At some point, every one of us will find ourselves totally screwed. It may be something in your career, at a starting line, in your private life, it doesn't really matter. It’s what you do next that defines your mettle.
For the purposes of this discussion, I only care about the work application. In the seven years that my editorial team has been sending out daily recommendations, I can think of dozens of times when we were in this sort of position. And what's allowed us to keep the hits coming and get through is that our team has reacted by rolling up their sleeves and making the best of a bad situation. In all this time, we have never missed a single day of our awesome content. Now don't you want to sign up for Thrillist?
Taking the Test
The hardest part is finding and hiring people who, among other things, have this personal fiber. I don't claim to have all the answers, and lord knows I've made mistakes. But I've also learned some moves over the years, and an enormously valuable one is the “Impossible Test.” The nature of the test varies from department to department.

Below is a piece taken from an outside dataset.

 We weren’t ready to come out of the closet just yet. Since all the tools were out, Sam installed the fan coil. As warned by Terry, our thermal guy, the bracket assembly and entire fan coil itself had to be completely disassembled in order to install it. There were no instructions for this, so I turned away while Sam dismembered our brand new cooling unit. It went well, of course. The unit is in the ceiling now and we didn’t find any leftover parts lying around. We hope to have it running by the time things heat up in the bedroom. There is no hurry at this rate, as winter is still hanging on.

For an editorial job, it’s changed over the years, but the basics remain the same: 90 minutes to run through a battery of hyper-nuanced editorial drills that would jam up the top talent on my senior staff. In fact, one night last summer, my senior editors and I went to Keens, and there at the table armed with nothing more than TD Bank pens, gave ourselves five minutes to do our best with the beast. Everyone's stuff was totally terrible, except mine.
Anyhow, when the candidate comes in for their interview and they are sitting on your rectilinear pleather couch wearing some sort of khakis, or possibly Voltron Reeboks—hit them with the test. At the moment when they comprehend the immediacy of the situation, watch their reaction. Does he or she begin sullenly plowing through No. 1? Do they look around in panic? Do they flip through, and immediately get started on whichever drill looked least forbidding? Or do they read it over, ever-slowing, as a look of perfect doom spreads over their features?
What You'll Get
The results, of course, are always just horrible. Now and then you'll get a laugh, but mostly you just have to master a few moments of deeply hating the person for being so bad. Frankly, you can almost learn more from the scribbles on the form. Let your eyes go out of focus. The pages should be an orderly blur of ink, clearly laid out with some purpose and certainty.

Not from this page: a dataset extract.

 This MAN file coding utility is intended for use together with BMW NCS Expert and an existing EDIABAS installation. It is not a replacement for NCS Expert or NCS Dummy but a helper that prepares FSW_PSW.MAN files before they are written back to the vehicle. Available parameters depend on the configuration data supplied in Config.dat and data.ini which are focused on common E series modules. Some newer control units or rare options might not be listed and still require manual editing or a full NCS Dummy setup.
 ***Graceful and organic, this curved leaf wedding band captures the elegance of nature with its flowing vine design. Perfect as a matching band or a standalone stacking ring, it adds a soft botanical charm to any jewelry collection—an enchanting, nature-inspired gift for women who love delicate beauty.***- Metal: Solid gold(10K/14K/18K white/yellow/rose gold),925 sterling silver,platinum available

How's the handwriting? How about at the end? I've thought more than once that coping with the anachronistic nuisance of actually handwriting for four pages is a subtle trial of fortitude and focus unto itself. Sorry Mrs. Belanger, but my cursive has basically been limited to post-it notes for some time now. Also, it’s not cursive because I reverted to a trundling, child-like print.

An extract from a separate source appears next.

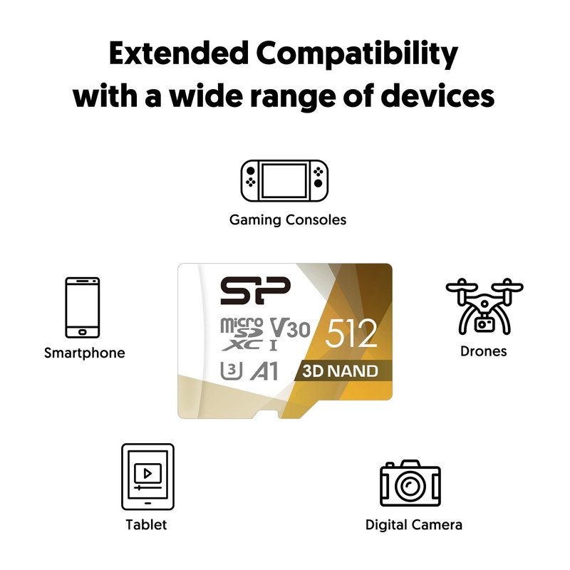 Silicon Power 512GB Micro SD Card U3 SDXC microsdxc High Speed MicroSD Memory Card for Steam Deck, Nintendo-Switch, DJI Pocket 3 and Drone

The real learning is in their behavior. You should notice their demeanor as they face the challenge, their attitude when time ran out and they handed over their work, and what they had to say about the experience in general. Just delivering in a pinch is not enough if after the fact this person is going to complain about having to do so. It’s also important to assess how (and if) they finished the test. There's a big difference between an employee who laser focuses on an issue or two but phones in the rest, and one who allocates time to appropriately tackle each task.
By the time 90 minutes are up, you pretty much know whether this is the kind of person you want on the team.